The biggest obstacle to calculating desired number of samples for the cod RNA sequencing is choosing a coefficient of variation (\(\sigma\)), which is a parameter we would normally need RNA Seq data to estimate. The package authors provide estimates of \(\sigma\) values for several taxa, the closest to code being zebrafish. They calculate \(\sigma_{90}\) values for each sample (i.e., the value such that 90% of the genes have a smaller variation). Values for the zebrafish are 0.19 and 0.26, and human samples range from 0.32 to 0.74 with a median of 0.43 – the suggested default values in the edgeR user guide of 0.1 and 0.4 for inbred animal and human studies, in the case where no replicates are available. (Hart et al. 2013). We’ll calculate necessary sample size for a range of coefficient of variation values.
We will also use Hart et al.’s recommended depth of 20.
The third important parameter is “effect,” or the minimum change in expression between groups that we want/will be able to detect.

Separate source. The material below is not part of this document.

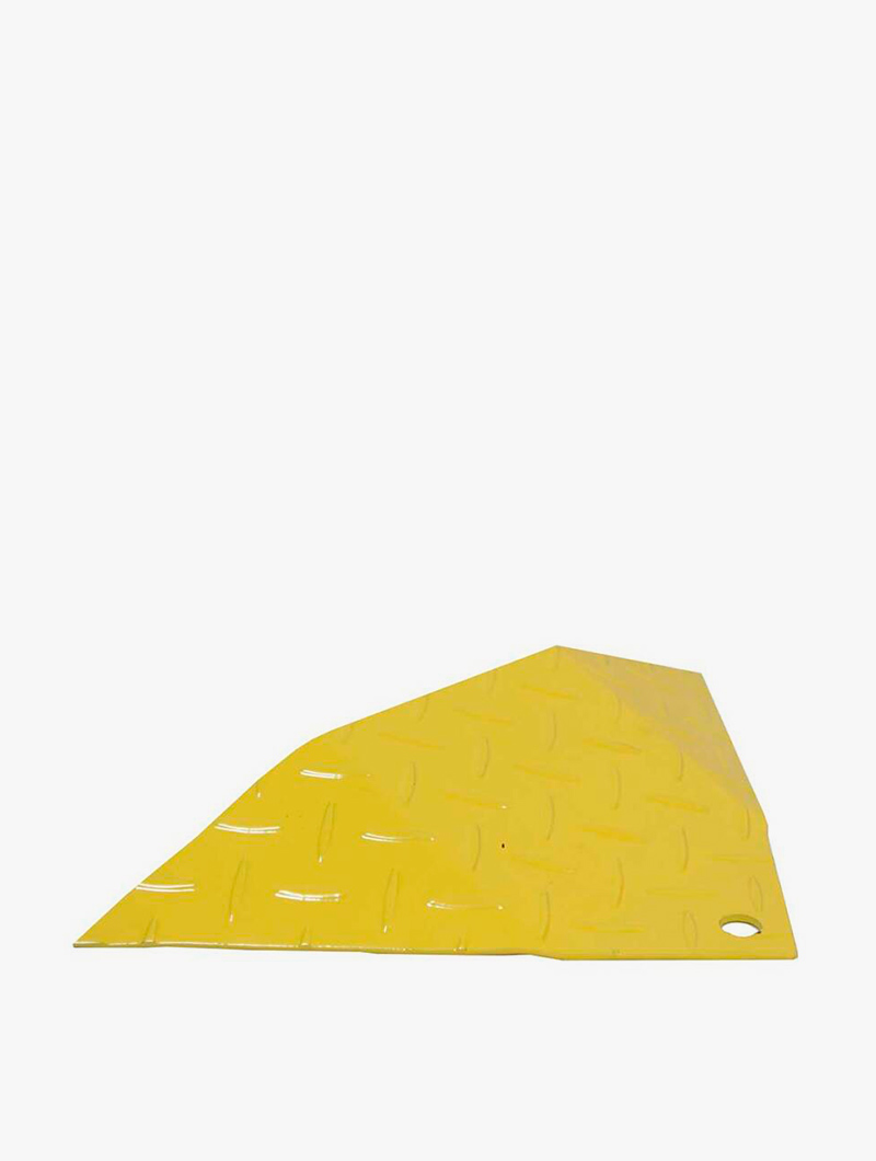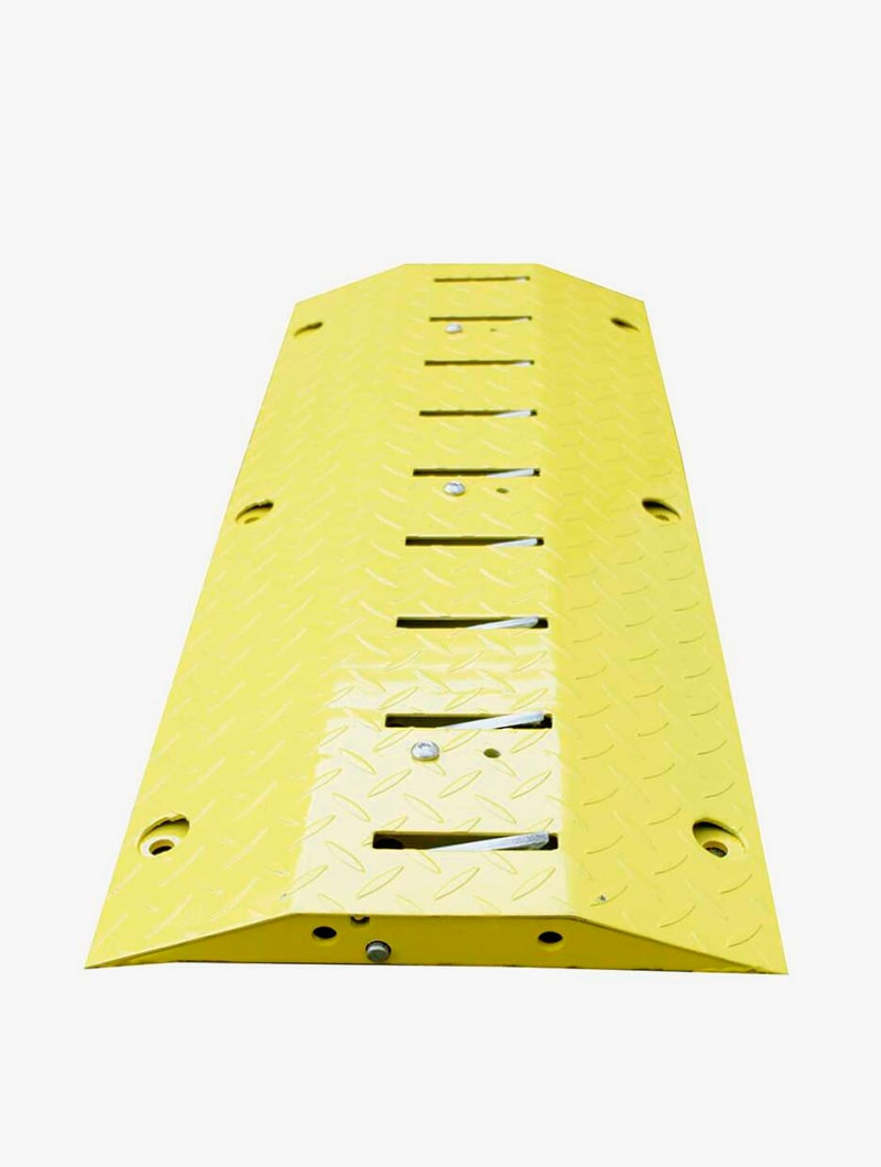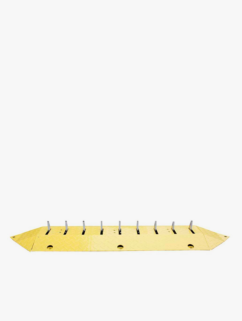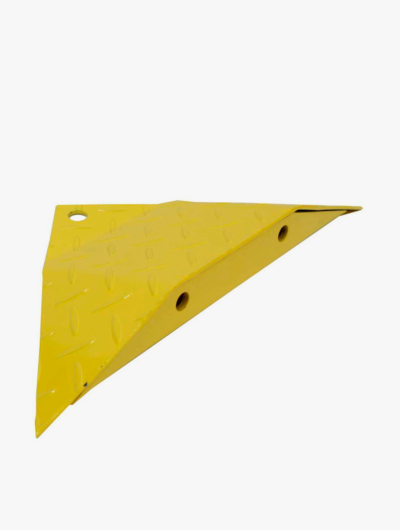 Reductor en acero de espesor de 5 mm para evitar la circulación en la dirección opuesta. Superficie pintada epoxi en color amarillo para mayor visibilidad. Está especialmente diseñado para soportar el paso de vehículos pesados hasta 40 toneladas por eje.
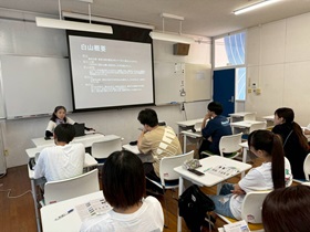 「白山手取川ジオパーク演習」は、「白山市が有する豊かな自然環境、文化、歴史である『ジオ(大地)』の魅力を伝える人材がいない」という課題を解決するために、本学と白山市観光文化スポーツ部ジオパーク・エコパーク推進課、白山手取川ジオパーク推進協議会、白山市観光連盟の3つの地元自治体が連携し、来訪者へ魅力を伝える「白山手取川ジオパーク公認観光ガイド」の人材育成を目的とした実践的PBL型の授業です。

We’ll test a range of values for detectable expression, to see what our options are.
For the final two parameters, significance level (alpha) and power, we’ll use the standard values 0.05 and 0.9.
rnapower(depth=20, cv=c(0.1, 0.15, 0.2, 0.25, 0.3, 0.35, 0.4), effect=c(1.25, 1.5, 1.75, 2), alpha=0.05, power=0.9)
## 1.25 1.5 1.75 2
## 0.1 25.32263 7.669561 4.026220 2.624379
## 0.15 30.59818 9.267386 4.865016 3.171125
## 0.2 37.98394 11.504341 6.039331 3.936568
## 0.25 47.47993 14.380426 7.549163 4.920710
## 0.3 59.08613 17.895642 9.394514 6.123551
## 0.35 72.80256 22.049987 11.575384 7.545089
## 0.4 88.62920 26.843463 14.091771 9.185326
This output table shows the sample size needed for a given detectable expression and coefficient of variation. For example, if we assume cod will have a coefficient of variation similar to the zebrafish of 0.2 and we want to detect a 25% change in expression (expression=1.25), we would need a sample size of 38.
We can also try changing depth to see how that would affect necessary sample size
rnapower(depth=100, cv=c(0.1, 0.15, 0.2, 0.25, 0.3, 0.35, 0.4), effect=c(1.25, 1.5, 1.75, 2), alpha=0.05, power=0.9)
## 1.25 1.5 1.75 2
## 0.1 8.440876 2.556520 1.342073 0.874793
## 0.15 13.716424 4.154345 2.180869 1.421539
## 0.2 21.102190 6.391301 3.355184 2.186982
## 0.25 30.598176 9.267386 4.865016 3.171125
## 0.3 42.204381 12.782601 6.710367 4.373965
## 0.35 55.920805 16.936947 8.891237 5.795503
## 0.4 71.747447 21.730422 11.407625 7.435740
Citations: Hart SN, Therneau TM, Zhang Y, Poland GA, Kocher JP. Calculating sample size estimates for RNA sequencing data. J Comput Biol. 2013 Dec;20(12):970-8. doi: 10.1089/cmb.2012.0283. Epub 2013 Aug 20. PMID: 23961961; PMCID: PMC3842884.